Neutral metal-bound water is the base catalyst in liver alcohol dehydrogenase.

The catalytic role of the active site metal-water complex in horse liver alcohol dehydrogenase (alcohol:NAD+ oxidoreductase, EC 1.1.1.1) is investigated on the basis of a comparative analysis of the pH dependence of steady-state kinetic parameters of the native and active-site-specific Co2+-reconstituted enzyme and on the basis of assignment of the coordination environment of the Co2+ by electron paramagnetic resonance methods. The pH dependence of the kinetic parameters for the oxidation of benzyl alcohol reveals two ionizations (pK1 approximately equal to 6.7; pK2 approximately equal to 10.6) that govern kcat and belong to the ternary enzyme-NAD+-alcohol complex and two ionizations (pK1' approximately equal to 7.5; pK2' approximately equal to 8.9) that govern kcat/Km and belong to the binary enzyme-NAD+ complex.
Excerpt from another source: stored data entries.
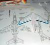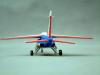 环球81年的版件+胶板+补土+郡士油漆 我们公司和法国领事馆是邻居,法兰西巡逻兵飞行员就住在附近的酒店,中午我们还和他们在一起吃饭所以弄到了预演和正式表演的门票。又从法兰西巡逻兵的随队摄影师处弄到了大量的法兰西巡逻兵的照片。 对比版件线图和照片发现版件的机翼部分与实机区别较大。版件为宽凹线缺失许多细节线条,主翼尾翼翼型完全不一样且没有提供发动机喷口这些只有自己修改追加,将线图缩到1:72复印多份再分别裁下机翼纸样贴在版件上供修改和刻线参考用用纸遮盖出机翼下的字样再喷蓝色由于水贴的年份久远除队徽和部分文字外全机采用遮盖喷绘。
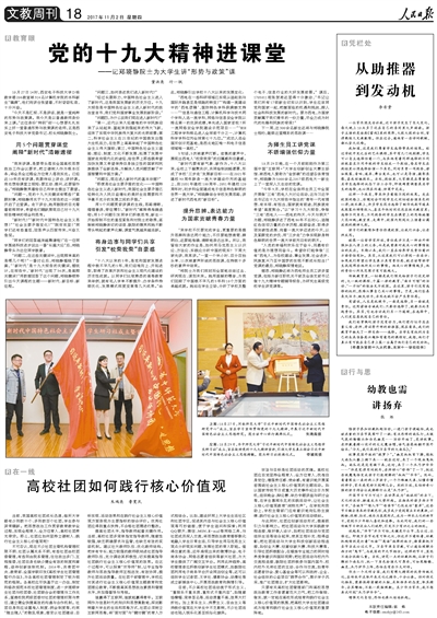 “问题一,党的十九大关键词有哪些?”紧跟时事,郑晓静用关于十九大报告的这一问题开启了这堂课。走下讲台,她用鼓励的目光看着前排同学,希望他们踊跃展现自己对十九大报告精神的领会和思考。
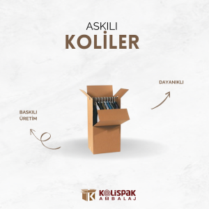 Askılı koli, özellikle tekstil sektöründe tercih edilen, kıyafetlerin kırışmadan ve zarar görmeden taşınmasını sağlayan özel tasarlanmış taşıma kolisidir. Askılık aparatı sayesinde giysiler askıda durur, bu da hem görsel düzen hem de hijyen açısından büyük avantaj sağlar. Askılı koli modelleri, mağaza ve üretici firmalar tarafından sıkça kullanılmaktadır.
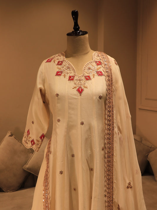 Off white anarkali gown with plazo and dupatta
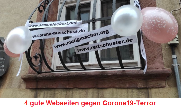 4 gute Webseiten gegen Corona19-Terror: www.samueleckert.net -- www.corona-ausschuss.de -- www.mutigmacher.org -- www.reitschuster.de
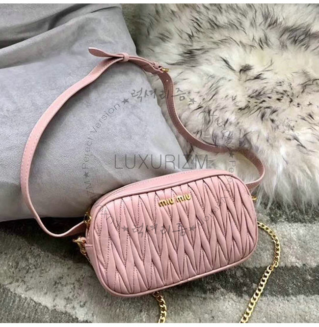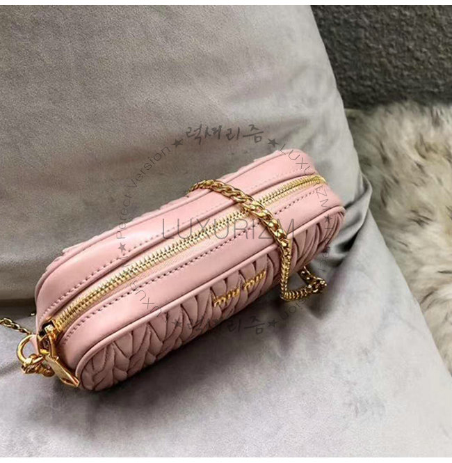 [스페셜오더MIUMIU-5BL005 미우미우 핑크 마틀라세 가죽 벨트 백
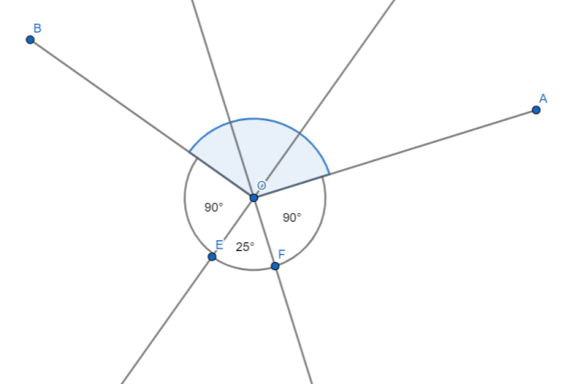 W tym zadaniu musisz wskazać miarę kąta AOB, wiedząc, że proste przechodzące przez jego wierzchołek i prostopadłe do jego ramion tworząc kąt o mierze
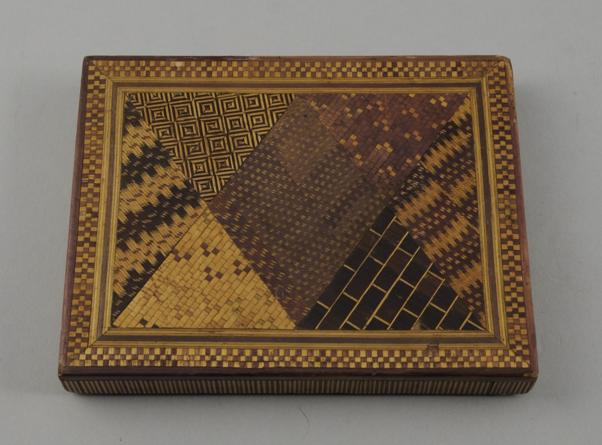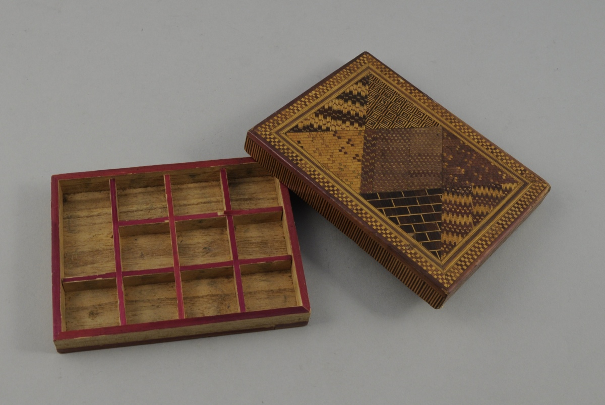 BOITE rectangulaire en marqueterie de paille. Décor losangique reprenant différents types de tissage, filets et damier sur le bord. L'intérieur compartimenté. Début XXème. Long. 14,5, Larg. 11,3, prof. 2,3 cm. (petits manques à la marqueterie)

The ionizations pK2 and pK2' decrease by 0.5-1 pK alpha unit upon replacement of the active site Zn2+ by Co2+. A similar metal ion dependence of pK2 and pK2' is observed for the oxidation of 2-propanol. We attribute these ionizations to a metal-bound water molecule. The zero-field splitting energy of the Co2+ in the binary enzyme-NADH complex and the ternary enzyme-NADH-CF3CH2OH complex is approximately equal to 22 cm-1, indicative of a pentacoordinate species. Binding of a water molecule to the metal ion as the fifth ligand in the ternary enzyme-NADH-CF3CH2OH complex is confirmed on the basis of magnetic interactions of H2(17)O with Co2+. The results indicate that the active site metal ion in catalytically competent ternary enzyme-coenzyme-substrate complexes is pentacoordinate and is ligated by a neutral water molecule in the physiological pH range. We suggest that the neutral metal-bound water molecule serves as the base catalyst for proton abstraction in alcohol oxidation.